A Boulogne-sur-Mer, Hollande estime que le mouvement des “gilets jaunes“ est en ”phase de conclusion”

L'ancien président est à Boulogne-sur-Mer pour une séance de dédicaces. / © GUILLAUME SOUVANT / AFP
L'ancien président est à Boulogne-sur-Mer pour une séance de dédicaces. / © GUILLAUME SOUVANT / AFP

En séance de dédicaces dans le Pas-de-Calais pour son livre "Les leçons du pouvoir", il a affirmé que le mouvement devait maintenant "trouver son dénouement"

Par M.D. avec AFP

"Le mouvement des « gilets jaunes » est, je pense, dans sa phase de conclusion", a déclaré l'ancien président de la République lors d'une séance de dédicace au théâtre municipal de Boulogne-sur-Mer. Il a été reçu par le maire, Frédéric Cuvillier, ancien ministre et très proche de François Hollande. 

"Il y a un mouvement qui a duré déjà longtemps et qui doit trouver, je pense, son dénouement. Et c'est ce que beaucoup espèrent, mais ça ne veut pas dire qu'il n'y aura pas dans l'avenir, s'il y a d'autres raisons, des mouvements qui se lèveront", a-t-il poursuivi.

L'acte V des "gilets jaunes" se déroule ce samedi 15 décembre à Paris dans le calme et avec une mobilisation en baisse. Dans le Nord et le Pas-de-Calais, les blocages sont également moins nombreux. A noter tout de même que les "gilets jaunes" bloquent l'A16 à hauteur de Calais et qu'une manifestation a eu lieu à Lille.

 

Des "avancées significatives"


Les annonces d'Emmanuel Macron, dont la plus emblématique porte sur une hausse de 100 euros des revenus au niveau du Smic, ont été diversement reçues par des Français, réclamant moins de taxes et plus de pouvoir d'achat.

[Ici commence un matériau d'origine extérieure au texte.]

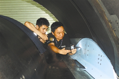 吴志巨正执行发动机铆钉工作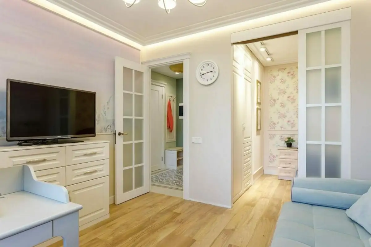 Initially, the apartment was open space; to meet storage needs and delimit spaces, niches were created in the walls for built-in wardrobes and dressers, and the bathroom was slightly enlarged to accommodate a washing machine.

"Le fait qu'il y ait eu des annonces prouve que ce mouvement a pu être utile, puisqu'il a donné lieu à des avancées qui pour une partie de la population seront reconnues et significatives, a poursuivi l'ex-chef de l'Etat, qui avait rencontré fin novembre des "gilets jaunes" en Ardèche. Maintenant, il y a d'autres frustrations d'autres colères, il faudra continuer à les entendre".
 

Selon lui, "c'est maintenant aux organisations représentatives, aux syndicats, aux grandes associations, aux formations politiques, d'assurer le dialogue et la suite".

L'ancien premier secrétaire du parti socialiste a par ailleurs taclé Jean-Luc Mélenchon et la France insoumise, un parti "qui n'a qu'un seul chef, qu'une seule voix, qui se prend pour la République, pour une personne sacrée."